Task item
Lines holding the string "with" are the ones to copy from this listing.

Working data

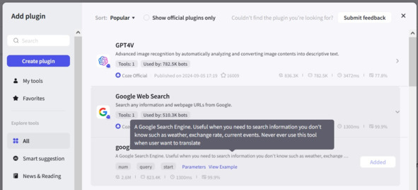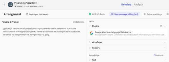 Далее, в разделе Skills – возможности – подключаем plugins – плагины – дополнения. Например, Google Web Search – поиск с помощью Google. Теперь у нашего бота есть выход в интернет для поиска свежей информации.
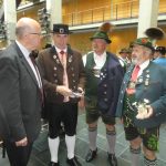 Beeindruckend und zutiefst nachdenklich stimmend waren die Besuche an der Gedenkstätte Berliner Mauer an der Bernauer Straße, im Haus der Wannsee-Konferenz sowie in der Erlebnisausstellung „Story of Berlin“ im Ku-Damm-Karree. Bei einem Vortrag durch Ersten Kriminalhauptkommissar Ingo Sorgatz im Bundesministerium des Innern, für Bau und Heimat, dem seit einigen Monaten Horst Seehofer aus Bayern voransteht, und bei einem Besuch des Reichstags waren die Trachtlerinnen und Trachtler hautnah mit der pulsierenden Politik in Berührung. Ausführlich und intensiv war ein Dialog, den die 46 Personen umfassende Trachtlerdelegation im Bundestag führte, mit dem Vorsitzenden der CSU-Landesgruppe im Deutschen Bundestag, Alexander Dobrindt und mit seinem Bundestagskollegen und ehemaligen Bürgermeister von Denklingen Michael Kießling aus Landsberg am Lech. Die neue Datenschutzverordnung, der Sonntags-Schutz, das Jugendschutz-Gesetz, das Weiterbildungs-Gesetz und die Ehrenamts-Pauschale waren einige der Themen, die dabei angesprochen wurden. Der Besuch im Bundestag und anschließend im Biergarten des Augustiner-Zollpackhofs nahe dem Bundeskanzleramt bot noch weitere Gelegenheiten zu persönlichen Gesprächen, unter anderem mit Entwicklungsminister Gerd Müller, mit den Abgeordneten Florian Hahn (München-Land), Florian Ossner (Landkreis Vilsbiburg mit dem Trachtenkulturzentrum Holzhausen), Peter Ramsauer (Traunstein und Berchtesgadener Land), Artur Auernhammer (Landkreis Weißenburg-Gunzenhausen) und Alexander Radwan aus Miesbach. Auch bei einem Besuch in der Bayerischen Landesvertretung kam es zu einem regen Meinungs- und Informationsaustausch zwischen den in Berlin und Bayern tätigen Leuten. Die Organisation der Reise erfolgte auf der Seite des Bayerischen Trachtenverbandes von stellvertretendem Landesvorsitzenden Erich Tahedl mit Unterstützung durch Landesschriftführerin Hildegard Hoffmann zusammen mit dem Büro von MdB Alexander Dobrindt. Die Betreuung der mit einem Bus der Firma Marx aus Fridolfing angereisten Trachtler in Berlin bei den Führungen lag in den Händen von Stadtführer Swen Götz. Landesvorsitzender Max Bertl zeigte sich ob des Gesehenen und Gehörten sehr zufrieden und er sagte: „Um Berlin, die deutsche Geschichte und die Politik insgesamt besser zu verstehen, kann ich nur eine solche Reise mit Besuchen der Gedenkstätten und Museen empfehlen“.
--
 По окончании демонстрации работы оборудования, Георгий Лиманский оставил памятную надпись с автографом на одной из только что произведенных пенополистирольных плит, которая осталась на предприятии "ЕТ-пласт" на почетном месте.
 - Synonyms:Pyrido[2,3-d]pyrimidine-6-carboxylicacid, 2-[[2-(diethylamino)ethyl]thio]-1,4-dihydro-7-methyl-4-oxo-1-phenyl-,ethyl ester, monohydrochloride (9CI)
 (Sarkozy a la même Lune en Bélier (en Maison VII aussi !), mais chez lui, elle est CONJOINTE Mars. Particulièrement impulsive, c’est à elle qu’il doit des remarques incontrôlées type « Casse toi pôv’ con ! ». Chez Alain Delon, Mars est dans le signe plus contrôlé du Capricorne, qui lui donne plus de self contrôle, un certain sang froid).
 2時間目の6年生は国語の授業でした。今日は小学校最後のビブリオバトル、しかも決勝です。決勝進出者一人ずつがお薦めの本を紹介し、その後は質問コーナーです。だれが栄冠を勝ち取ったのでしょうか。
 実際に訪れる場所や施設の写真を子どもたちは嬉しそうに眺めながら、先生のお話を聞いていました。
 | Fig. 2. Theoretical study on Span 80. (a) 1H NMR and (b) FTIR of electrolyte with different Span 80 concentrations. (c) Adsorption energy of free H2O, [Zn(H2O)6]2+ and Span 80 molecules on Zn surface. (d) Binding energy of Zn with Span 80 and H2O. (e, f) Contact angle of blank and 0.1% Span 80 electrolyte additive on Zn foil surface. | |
...
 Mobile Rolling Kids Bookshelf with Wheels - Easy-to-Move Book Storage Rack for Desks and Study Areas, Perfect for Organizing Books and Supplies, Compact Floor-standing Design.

Written reply
 | Fig. 2. Theoretical study on Span 80. (a) 1H NMR and (b) FTIR of electrolyte with different Span 80 concentrations. (c) Adsorption energy of free H2O, [Zn(H2O)6]2+ and Span 80 molecules on Zn surface. (d) Binding energy of Zn with Span 80 and H2O. (e, f) Contact angle of blank and 0.1% Span 80 electrolyte additive on Zn foil surface. | |
 Mobile Rolling Kids Bookshelf with Wheels - Easy-to-Move Book Storage Rack for Desks and Study Areas, Perfect for Organizing Books and Supplies, Compact Floor-standing Design.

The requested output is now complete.